Yet, systemic fungal infections are a real risk in many medical fields. The course of the disease is serious and any delay in its treatment increases the mortality. Which is already high: Depending on the fungus, the health status of the patient and the concomitant treatment, it lies between 30 and 90 percent.

Thanks to medical progress, healing prognoses may continuously improve even for the critically ill. However, the complex interventions into the human physiology, especially with intensive medical treatments, also lead to an ever increasing number of patients being threatened by invasive fungal infections.
 

The Risk of Intensive Care

Moulds play an important role in biodegradation.

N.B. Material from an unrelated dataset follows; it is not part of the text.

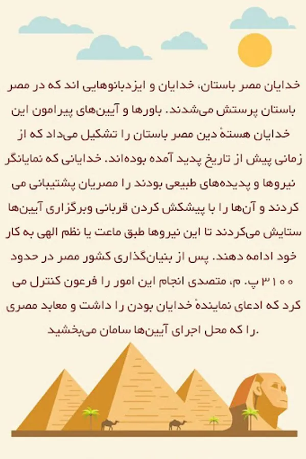 Believing that the gods are present in the world and able to affect natural disasters and human life. The interaction of humans with them in temples and informal shrines for personal interests and also the larger goals of the country's ritual celebrations. The Egyptians prayed for help from the gods and used the rites to make the gods work and ask them for advice. The human relationship with their gods was a principled part of the Egyptian community
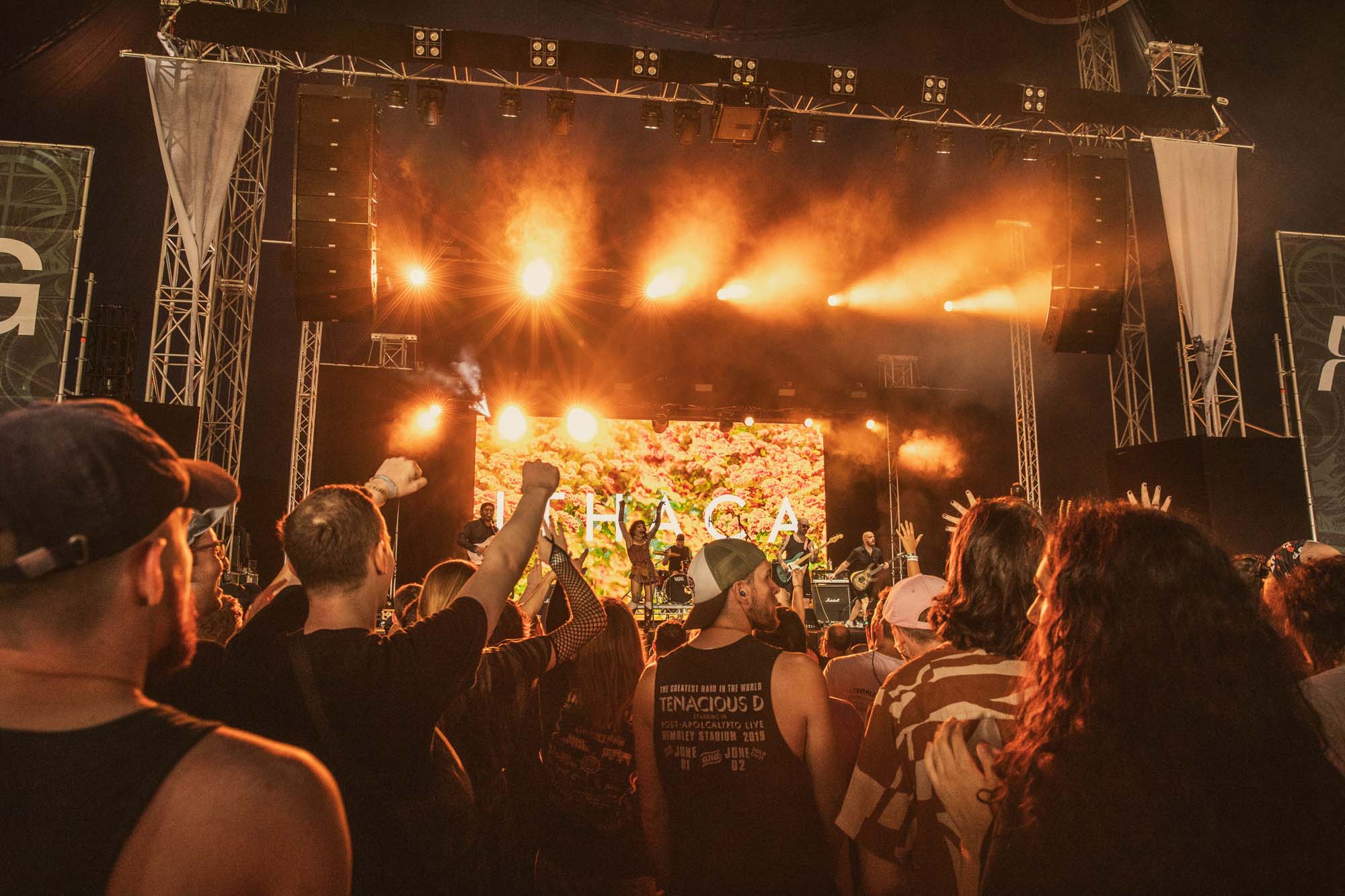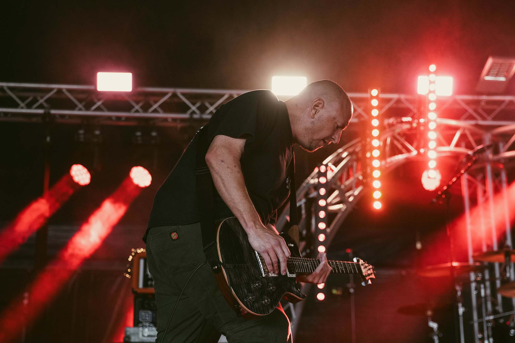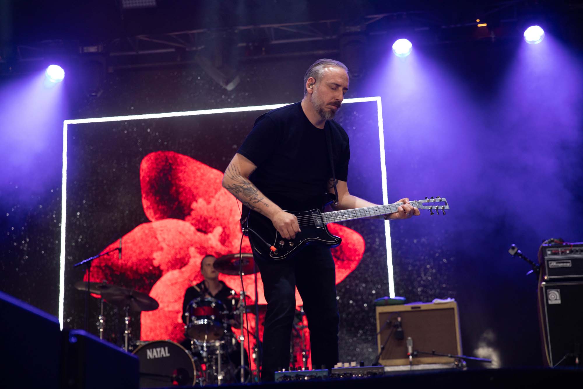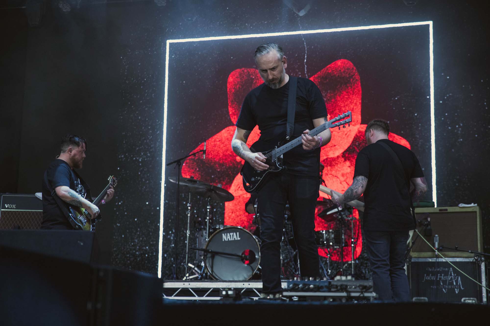 While much of the buzz this weekend might be around Australian post-rock legends WE LOST THE SEA doing their breakthrough album, Departure Songs in full, it’s their first set this weekend that sees them lob their tackle out and lay it on the table. For their main stage debut they showcase their incredible new album, A Single Flower, it’s artwork adorning the big screen behind them, with A Beautiful Collapse from 2019’s Triumph & Disaster thrown in for good measure. Their thoughtfully composed and high energy post-rock is more than suited to this main stage and the sound is mixed absolutely perfectly. From the opening of If They Had Hearts, it’s cacophony of roaring guitars, the drums thudding through with serious heft.

In immunocompromised humans they cause severe infections with poor outcomes. © Brigitte Bonaposta / Fotolia.com

One of the causes first in line is the artificial suppression of the immune system. Introduced for transplantation patients and people with autoimmune diseases, this treatment is now applied with a growing group of patients - for example after operations or critical burns. But also intensive care itself, including the preventive distribution of broad-spectrum antibiotics, intravenous catheter and feeding tubes, increase the risk of fungal invasion. The basic principle is: The longer the stay in intensive care units, the more likely a systemic fungal infection becomes.

Furthermore, certain disease patterns with limited immune response also increase the risk of a systemic fungal infection: AIDS, poorly controlled diabetes or lung diseases like e.g. COPD (chronic obstructive pulmonary disease), to name only a few.

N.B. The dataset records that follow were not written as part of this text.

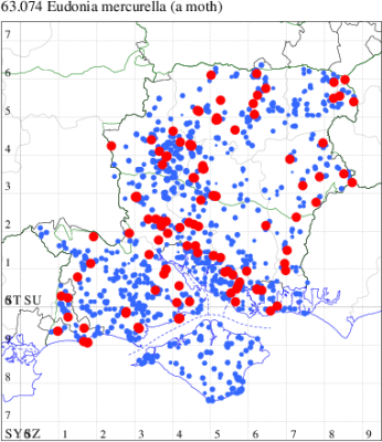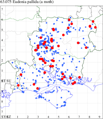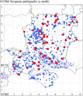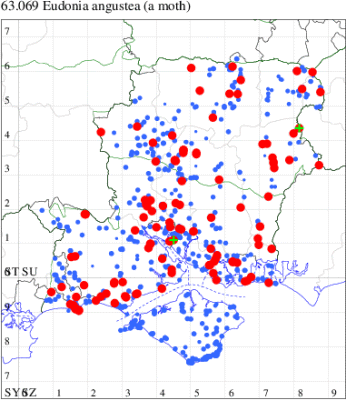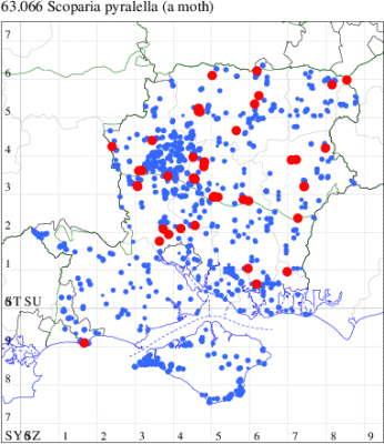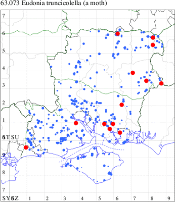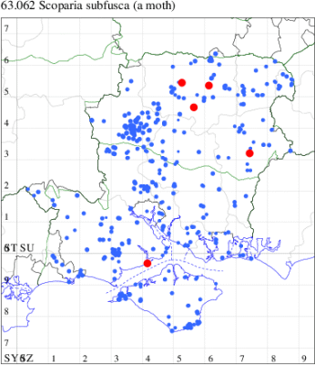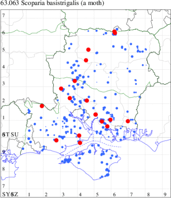 Historically associated with coastal sand-dunes and rough ground throughout the British Isles, this species in recent decades has been increasingly common inland. This picture is mirrored in Hampshire and on the Isle of Wight and it is generally regular to traps across the two counties, and is the only scopariid to be seen in winter. Wingspan 17-22 mm. Easily recognised by the narrow, pointed, brown-tinted forewing [Goater]. Larva feeds on various mosses, often on walls and sand dunes.
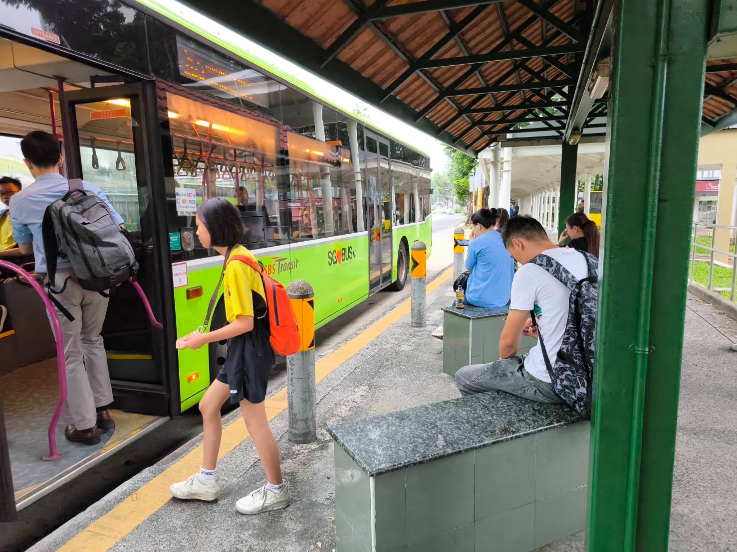新加坡9成公車站牌有候車亭,且座椅方向會正對車輛行駛方向。洪敏隆攝
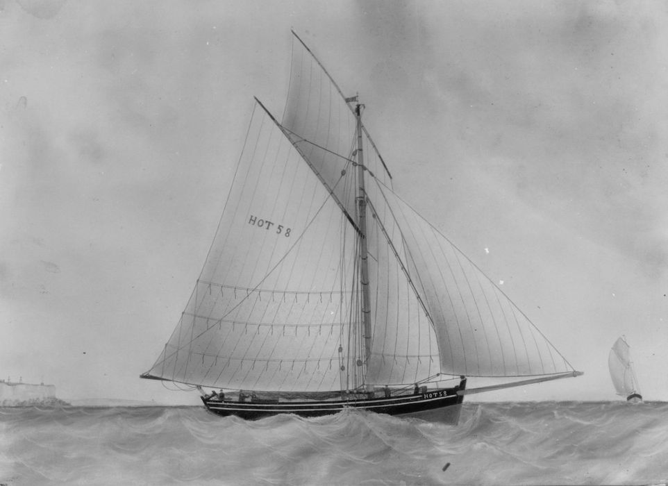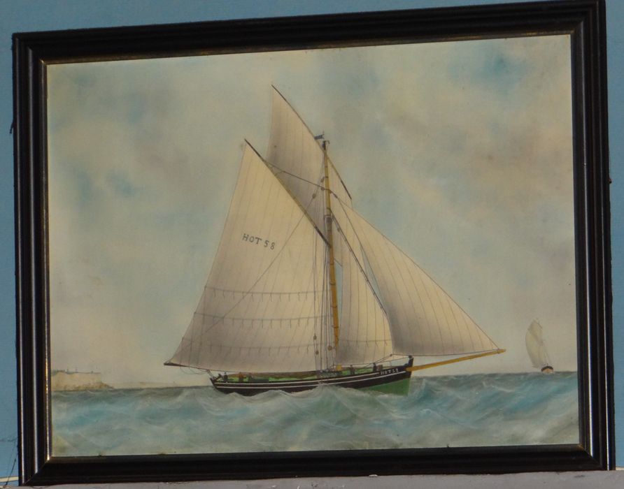 Cotre du commerce sur mer calme, quittant un port. On distingue en arrière plan gauche les falaises du pays de Caux et en arrière plan droit un autre voilier. Sur le pont : cinq personnages.
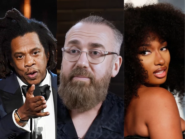 Jay-Z, DJ Vlad, and Megan Thee Stallion pictured in composite editorial image related to reporting on publicly circulated statements and ongoing legal controversy. Image credit: Composite of publicly available media photographs. Used strictly for news reporting, commentary, and analysis purposes under 17 U.S.C. §107 (Fair Use). This image is reproduced in a transformative, non-commercial editorial context directly connected to matters of public interest, legal reporting, and commentary. No endorsement is implied. All rights remain with the original copyright holders.

A particular risk factor is neutropenia. That’s what medical doctors call the decrease in certain white blood cells, the neutrophile granulocytes. When the number of neutrophiles falls below a certain value, a fungal infection becomes likelier from day to day. About 20 percent of all patients with neutropenia fall ill with a fungal infection. A decrease in these important immune cells is also an undesired side effect of many curative treatments, e.g. with chemotherapy.
 

Enemies of the immunosuppressed state

„Improvements in medical care have resulted in critically ill patients surviving longer, rendering them vulnerable to invasive fungal diseases“ (Lass-Flörl 2009). © Pavel Losevsky / Fotolia.com

Fungi count as one of the less virulent among the known pathogens. However, they are typical opportunists and take advantage of every possible gap in the body’s immune defence. While at first it mainly concerned patients in haematology and oncology, whose immune systems were weakened by the disease itself or due to the chemo or radiation therapy, patient numbers have continuously increased worldwide for the last 30 years in many medical fields.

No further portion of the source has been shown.